Background and objectives Different injection techniques for the quadratus lumborum (QL) block have been described. Data in human cadavers suggest that the transverse oblique paramedian (TOP) QL3 may reach the thoracic paravertebral space more consistently than the QL1 and QL2. However, the distribution of injectate in cadavers may differ from that in patients. Hence, we assessed the distribution of the injectate after the QL1, QL2, and TOP QL3 techniques in patients.

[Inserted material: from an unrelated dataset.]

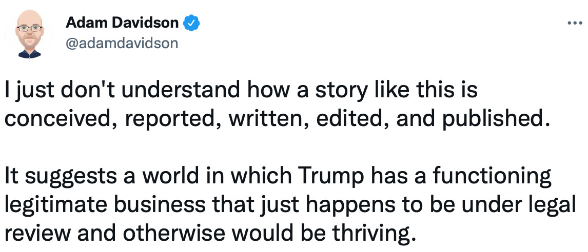 If Davidson is right about this, then the operating assumptions of the piece are all wrong, and that ultimately leads readers away from an accurate picture of things, the exact opposite aim of a publication like the Times. Think about it: If background sources are used to establish a central claim of the piece, viz., that Trump’s businesses would be doing well if not for potentially politically-motivated legal challenges, and if that’s not at all what the reality is, then the piece is actively misleading people. Worse, it is doing so in a way that has potentially serious political consequences.

Materials and methods Thirty-four patients scheduled for abdominal surgery received QL blocks postoperatively; 26 patients received bilateral and 8 patients received unilateral blocks. Block injections were randomly allocated to QL1, QL2, or TOP QL3 techniques (20 blocks per each technique). The injections consisted of 18 mL of ropivacaine 0.375% with 2 mL of radiopaque contrast, injected lateral or posterior to the QL muscle for the QL1 and QL2 techniques, respectively. For the TOP QL3, the injection was into the plane between the QL and psoas muscles, proximal to the L2 transverse process. Two reviewers, blinded to the allocation, reviewed three-dimensional computed tomography (3D-CT) images to assess the distribution of injectate.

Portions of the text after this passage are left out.